Cinq inconvénients des conteneurs (et comment y remédier)
Ils promettent évolutivité, flexibilité et facilité. Mais les conteneurs ne conviennent pas à toutes les charges de travail.
Lors du Gartner's IT Operations Strategies and Solutions Summit de 2015 à Orlando, Thomas Bittman, vice-président analyste de Gartner, a animé une conférence sur les conteneurs, au cours de laquelle il mettait en avant tous les avantages de cette technologie, mais en en soulignant également plusieurs inconvénients de taille.

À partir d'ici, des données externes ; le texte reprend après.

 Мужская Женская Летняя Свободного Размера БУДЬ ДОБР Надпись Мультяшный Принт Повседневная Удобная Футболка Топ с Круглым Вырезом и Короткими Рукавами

Nous allons examiner chacun de ces inconvénients et essayer d'y apporter des solutions.
1. Incompatibilité avec certaines tâches
Thomas Bittman fait remarquer que les conteneurs, bien que polyvalents, sont loin de pouvoir remplacer tous les déploiements de machines virtuelles (VM) existants. En effet, tout comme d'anciennes applications se prêtaient mieux à des déploiements physiques aux premiers temps de la virtualisation, certaines applications ne conviennent pas du tout à une virtualisation en conteneurs.
Par exemple, les conteneurs sont la solution idéale pour le développement d'applications de type microservice. Cette approche permet de configurer des applications plus complexes à partir de composants élémentaires, chacun de ces composants étant déployé dans un conteneur et les conteneurs constitutifs étant reliés entre eux pour former l'application complète.

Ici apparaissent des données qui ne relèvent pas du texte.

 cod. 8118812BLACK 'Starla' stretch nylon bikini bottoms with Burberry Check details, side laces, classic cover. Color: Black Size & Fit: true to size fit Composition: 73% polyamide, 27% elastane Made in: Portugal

Pour faire évoluer les fonctionnalités de l'application, il suffit alors de déployer de nouveaux conteneurs renfermant les composants appropriés au lieu de créer entièrement de nouvelles itérations de l'application.

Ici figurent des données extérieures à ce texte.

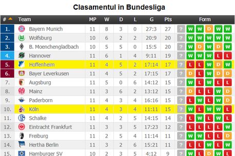 Jucătorii, managerul, staff-ul dar mai ales suporterii lui Koln au avut parte de un meci de neuitat în etapa a 11-a din Bundesliga. După ce și-au văzut echipa condusă încă din primele momente ale confruntării cu Hoffenheim, iar apoi egalată după ce a avut un avantaj de două goluri, fanii clubului din vestul Germaniei au jubilat la final, echipa lor reușind să câștige partida în ultimele minute. Însă merită relatat modul în care a evoluat scorul pe parcursul meciului, rezultatul final afișat de tabela de scor a arenei Rhein-Neckar fiind 4-3.
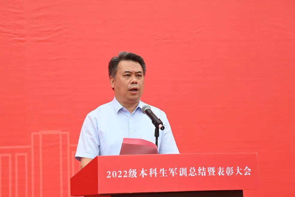 校领导王发洲、王世杰,承训部队领导,相关职能部门负责人,各学院副书记、试点书院执行院长、新生辅导员,全体教官及2022级本科生参加大会。

Cependant, certaines applications ne peuvent fonctionner que de façon monolithique. Ainsi conçues, elles sont difficilement compatibles avec des avantages tels que l'évolutivité ou le déploiement rapide. Dans ces cas-là, les conteneurs ne font que rigidifier encore la charge de travail.
La meilleure méthode consiste souvent à faire des essais pour voir quelles applications existantes peuvent bénéficier d'une conteneurisation. Les nouveaux modèles de développement d'applications en tireront sans doute parti. En revanche, les applications qui ne se prêtent pas à cette transformation pourront toujours s'exécuter comme des VM entièrement fonctionnelles adossées à un hyperviseur conventionnel.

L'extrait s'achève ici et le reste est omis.